| ACTION ITEM |
Scan the entries for the word "adult". Every line that has it should be copied.

** DATA FOR THIS EXERCISE follows **

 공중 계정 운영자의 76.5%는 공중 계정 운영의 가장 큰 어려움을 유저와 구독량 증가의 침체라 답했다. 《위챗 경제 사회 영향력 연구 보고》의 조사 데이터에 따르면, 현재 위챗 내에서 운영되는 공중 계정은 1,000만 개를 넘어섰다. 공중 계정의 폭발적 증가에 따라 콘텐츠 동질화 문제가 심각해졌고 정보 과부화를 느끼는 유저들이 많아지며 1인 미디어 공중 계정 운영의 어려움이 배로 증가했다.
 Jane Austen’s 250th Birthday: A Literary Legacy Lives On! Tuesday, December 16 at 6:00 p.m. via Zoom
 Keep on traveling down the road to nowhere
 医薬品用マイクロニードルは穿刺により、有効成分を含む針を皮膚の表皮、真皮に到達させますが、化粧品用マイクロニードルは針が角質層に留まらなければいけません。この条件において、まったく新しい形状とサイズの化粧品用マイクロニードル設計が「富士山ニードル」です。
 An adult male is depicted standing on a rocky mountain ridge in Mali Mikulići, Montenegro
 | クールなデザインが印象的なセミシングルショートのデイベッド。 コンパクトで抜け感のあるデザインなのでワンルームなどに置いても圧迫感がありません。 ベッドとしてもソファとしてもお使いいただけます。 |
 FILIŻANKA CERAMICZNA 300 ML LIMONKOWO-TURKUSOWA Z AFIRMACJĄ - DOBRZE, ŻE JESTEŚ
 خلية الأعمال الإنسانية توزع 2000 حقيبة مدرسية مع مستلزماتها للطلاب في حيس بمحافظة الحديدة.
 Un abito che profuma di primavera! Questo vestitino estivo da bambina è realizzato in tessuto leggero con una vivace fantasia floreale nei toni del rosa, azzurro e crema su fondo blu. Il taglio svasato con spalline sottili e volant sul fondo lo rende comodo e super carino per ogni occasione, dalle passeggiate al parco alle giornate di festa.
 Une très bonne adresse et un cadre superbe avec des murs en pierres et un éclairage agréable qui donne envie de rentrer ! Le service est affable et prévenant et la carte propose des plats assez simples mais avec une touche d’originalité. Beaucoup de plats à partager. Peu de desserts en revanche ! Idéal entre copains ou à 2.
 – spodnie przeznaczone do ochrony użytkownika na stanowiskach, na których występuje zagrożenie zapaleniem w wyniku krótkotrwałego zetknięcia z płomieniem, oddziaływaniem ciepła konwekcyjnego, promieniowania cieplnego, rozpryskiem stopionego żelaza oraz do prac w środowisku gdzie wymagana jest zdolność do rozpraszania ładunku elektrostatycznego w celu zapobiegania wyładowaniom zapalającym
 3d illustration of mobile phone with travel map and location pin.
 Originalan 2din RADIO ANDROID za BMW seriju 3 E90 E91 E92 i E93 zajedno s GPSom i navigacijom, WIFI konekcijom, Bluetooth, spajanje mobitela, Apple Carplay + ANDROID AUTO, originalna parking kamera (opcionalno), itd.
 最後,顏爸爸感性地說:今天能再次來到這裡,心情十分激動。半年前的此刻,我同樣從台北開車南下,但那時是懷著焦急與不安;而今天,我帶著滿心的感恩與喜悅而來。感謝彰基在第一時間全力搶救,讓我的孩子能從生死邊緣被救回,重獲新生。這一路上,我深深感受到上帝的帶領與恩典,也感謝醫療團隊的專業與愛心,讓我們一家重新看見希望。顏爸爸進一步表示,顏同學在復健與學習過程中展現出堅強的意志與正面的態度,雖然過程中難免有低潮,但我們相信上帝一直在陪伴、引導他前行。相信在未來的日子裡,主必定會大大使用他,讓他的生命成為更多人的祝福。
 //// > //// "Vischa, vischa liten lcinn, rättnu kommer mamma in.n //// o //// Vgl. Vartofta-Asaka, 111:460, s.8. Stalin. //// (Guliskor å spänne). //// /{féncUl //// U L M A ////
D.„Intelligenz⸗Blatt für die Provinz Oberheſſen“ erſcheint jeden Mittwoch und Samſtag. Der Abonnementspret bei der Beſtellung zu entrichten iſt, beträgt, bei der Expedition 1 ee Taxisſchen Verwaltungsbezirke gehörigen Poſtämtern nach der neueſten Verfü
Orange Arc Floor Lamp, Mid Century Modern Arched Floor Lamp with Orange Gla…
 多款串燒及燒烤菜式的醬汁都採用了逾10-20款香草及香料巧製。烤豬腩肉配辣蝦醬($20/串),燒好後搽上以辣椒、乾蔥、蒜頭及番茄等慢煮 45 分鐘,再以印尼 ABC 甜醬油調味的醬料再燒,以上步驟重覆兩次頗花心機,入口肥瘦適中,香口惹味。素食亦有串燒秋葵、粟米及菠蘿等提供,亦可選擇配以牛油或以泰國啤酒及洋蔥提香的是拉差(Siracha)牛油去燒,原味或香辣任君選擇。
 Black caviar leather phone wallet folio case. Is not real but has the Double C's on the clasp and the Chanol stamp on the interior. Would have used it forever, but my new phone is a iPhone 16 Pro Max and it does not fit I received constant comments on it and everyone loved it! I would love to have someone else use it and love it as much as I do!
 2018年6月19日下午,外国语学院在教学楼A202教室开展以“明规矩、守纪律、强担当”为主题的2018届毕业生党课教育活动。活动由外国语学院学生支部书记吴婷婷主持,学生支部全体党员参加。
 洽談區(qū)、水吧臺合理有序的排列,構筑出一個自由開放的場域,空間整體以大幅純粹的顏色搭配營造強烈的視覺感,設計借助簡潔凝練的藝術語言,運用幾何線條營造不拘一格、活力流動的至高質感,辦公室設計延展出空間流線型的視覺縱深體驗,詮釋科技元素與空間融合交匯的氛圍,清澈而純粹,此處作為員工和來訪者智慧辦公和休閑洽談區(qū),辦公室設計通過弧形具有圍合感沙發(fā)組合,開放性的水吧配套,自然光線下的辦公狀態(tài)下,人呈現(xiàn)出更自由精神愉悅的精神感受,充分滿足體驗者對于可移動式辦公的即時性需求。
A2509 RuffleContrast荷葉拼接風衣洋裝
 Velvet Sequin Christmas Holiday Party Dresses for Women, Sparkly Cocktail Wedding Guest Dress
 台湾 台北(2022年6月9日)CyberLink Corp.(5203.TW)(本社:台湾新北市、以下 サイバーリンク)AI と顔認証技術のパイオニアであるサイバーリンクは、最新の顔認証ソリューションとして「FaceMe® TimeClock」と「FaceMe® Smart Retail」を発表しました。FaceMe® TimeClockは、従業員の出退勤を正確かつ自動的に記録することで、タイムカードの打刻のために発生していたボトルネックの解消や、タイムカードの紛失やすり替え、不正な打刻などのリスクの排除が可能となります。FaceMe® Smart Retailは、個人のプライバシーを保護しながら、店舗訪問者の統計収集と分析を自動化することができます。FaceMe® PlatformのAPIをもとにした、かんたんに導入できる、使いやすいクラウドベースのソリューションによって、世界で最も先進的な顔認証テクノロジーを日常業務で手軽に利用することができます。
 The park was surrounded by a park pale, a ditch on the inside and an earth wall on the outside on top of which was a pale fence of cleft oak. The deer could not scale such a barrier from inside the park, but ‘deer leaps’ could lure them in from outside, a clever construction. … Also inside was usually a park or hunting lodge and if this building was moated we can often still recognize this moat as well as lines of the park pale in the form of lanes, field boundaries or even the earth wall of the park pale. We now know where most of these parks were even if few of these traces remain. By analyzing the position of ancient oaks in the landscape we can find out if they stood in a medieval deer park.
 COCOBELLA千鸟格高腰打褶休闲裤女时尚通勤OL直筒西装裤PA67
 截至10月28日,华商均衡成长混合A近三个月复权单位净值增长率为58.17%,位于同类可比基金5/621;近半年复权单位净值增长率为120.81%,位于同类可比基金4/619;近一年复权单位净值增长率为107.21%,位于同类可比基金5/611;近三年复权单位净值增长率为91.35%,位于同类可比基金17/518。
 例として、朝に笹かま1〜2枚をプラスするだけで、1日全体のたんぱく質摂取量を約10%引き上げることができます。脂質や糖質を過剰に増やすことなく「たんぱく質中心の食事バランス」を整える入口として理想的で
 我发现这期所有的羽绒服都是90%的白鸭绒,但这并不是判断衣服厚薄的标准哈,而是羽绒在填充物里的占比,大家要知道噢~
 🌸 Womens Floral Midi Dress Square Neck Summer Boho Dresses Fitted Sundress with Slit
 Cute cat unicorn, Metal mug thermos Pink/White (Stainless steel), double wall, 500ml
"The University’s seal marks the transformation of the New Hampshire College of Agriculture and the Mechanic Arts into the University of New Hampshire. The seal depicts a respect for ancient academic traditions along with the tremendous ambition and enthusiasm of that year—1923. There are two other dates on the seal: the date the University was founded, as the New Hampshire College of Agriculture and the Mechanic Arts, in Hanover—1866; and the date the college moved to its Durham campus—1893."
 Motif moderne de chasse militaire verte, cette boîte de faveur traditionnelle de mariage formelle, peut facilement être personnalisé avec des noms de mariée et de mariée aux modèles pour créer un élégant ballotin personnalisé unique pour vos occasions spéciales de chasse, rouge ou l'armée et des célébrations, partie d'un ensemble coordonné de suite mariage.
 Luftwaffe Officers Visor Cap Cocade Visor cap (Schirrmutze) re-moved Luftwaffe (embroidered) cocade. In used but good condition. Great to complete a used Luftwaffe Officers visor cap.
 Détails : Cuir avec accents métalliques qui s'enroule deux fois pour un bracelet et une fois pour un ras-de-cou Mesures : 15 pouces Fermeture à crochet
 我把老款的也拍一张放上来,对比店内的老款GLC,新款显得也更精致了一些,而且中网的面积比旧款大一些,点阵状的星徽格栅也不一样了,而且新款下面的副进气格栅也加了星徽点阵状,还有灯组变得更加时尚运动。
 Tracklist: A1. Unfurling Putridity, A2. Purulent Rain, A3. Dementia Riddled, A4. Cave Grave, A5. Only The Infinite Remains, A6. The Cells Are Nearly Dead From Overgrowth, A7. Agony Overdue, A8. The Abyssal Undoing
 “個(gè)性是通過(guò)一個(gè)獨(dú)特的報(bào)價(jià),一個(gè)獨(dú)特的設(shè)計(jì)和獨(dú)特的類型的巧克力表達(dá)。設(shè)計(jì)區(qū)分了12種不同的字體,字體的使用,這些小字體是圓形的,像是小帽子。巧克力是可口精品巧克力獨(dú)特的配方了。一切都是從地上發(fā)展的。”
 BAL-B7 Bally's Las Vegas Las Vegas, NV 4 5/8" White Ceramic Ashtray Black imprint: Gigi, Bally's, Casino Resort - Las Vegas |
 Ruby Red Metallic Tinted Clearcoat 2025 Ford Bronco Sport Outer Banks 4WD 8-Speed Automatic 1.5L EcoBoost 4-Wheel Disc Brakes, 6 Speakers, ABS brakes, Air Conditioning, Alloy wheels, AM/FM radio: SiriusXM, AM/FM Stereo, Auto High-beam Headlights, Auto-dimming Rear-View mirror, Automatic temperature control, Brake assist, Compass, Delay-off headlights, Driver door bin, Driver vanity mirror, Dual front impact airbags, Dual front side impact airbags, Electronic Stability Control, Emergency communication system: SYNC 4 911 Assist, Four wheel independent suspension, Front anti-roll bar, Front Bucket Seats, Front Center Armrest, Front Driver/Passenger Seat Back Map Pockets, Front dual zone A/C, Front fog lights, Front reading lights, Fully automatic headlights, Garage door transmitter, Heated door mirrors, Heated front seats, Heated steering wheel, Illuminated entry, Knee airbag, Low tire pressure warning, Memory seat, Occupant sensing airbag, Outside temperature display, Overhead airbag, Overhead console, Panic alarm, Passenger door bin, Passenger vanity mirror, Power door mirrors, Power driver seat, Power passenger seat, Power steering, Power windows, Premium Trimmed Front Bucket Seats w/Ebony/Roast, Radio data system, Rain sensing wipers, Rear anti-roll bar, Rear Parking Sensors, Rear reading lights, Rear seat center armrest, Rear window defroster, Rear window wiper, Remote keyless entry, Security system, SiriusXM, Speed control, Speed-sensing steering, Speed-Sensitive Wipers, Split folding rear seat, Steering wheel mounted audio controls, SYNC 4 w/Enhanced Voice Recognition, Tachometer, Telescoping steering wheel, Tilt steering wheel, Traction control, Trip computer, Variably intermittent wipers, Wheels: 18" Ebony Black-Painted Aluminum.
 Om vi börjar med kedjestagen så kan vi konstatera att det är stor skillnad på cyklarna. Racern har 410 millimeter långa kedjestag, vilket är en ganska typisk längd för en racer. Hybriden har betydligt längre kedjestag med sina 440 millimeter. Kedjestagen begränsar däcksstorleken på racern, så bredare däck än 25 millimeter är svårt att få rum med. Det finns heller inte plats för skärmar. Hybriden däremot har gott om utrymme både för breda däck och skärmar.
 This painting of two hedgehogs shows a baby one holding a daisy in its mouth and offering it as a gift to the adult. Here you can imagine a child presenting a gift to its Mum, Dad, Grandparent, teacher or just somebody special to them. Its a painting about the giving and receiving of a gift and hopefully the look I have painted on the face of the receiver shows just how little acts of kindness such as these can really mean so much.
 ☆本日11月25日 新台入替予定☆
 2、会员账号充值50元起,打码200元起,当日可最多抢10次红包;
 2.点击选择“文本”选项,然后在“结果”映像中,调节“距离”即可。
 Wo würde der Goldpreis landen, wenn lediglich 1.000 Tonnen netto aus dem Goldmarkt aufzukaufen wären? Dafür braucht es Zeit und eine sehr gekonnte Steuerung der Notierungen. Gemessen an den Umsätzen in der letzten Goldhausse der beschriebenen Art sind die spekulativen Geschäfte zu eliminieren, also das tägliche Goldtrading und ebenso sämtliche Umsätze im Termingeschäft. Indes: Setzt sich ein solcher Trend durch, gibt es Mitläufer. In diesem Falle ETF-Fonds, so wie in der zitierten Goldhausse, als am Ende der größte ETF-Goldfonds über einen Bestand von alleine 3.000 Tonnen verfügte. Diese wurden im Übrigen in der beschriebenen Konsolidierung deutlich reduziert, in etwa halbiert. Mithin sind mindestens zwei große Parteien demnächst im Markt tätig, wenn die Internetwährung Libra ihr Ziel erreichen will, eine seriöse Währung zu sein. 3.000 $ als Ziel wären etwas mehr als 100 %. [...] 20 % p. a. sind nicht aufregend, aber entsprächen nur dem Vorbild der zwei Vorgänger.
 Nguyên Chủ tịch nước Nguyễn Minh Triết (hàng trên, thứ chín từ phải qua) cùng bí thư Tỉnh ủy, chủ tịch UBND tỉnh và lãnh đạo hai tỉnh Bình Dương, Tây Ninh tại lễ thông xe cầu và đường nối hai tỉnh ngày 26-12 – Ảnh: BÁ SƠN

** End of DATA FOR THIS EXERCISE **

| OUTPUT OF THE TASK |
 An adult male is depicted standing on a rocky mountain ridge in Mali Mikulići, Montenegro
 This painting of two hedgehogs shows a baby one holding a daisy in its mouth and offering it as a gift to the adult. Here you can imagine a child presenting a gift to its Mum, Dad, Grandparent, teacher or just somebody special to them. Its a painting about the giving and receiving of a gift and hopefully the look I have painted on the face of the receiver shows just how little acts of kindness such as these can really mean so much.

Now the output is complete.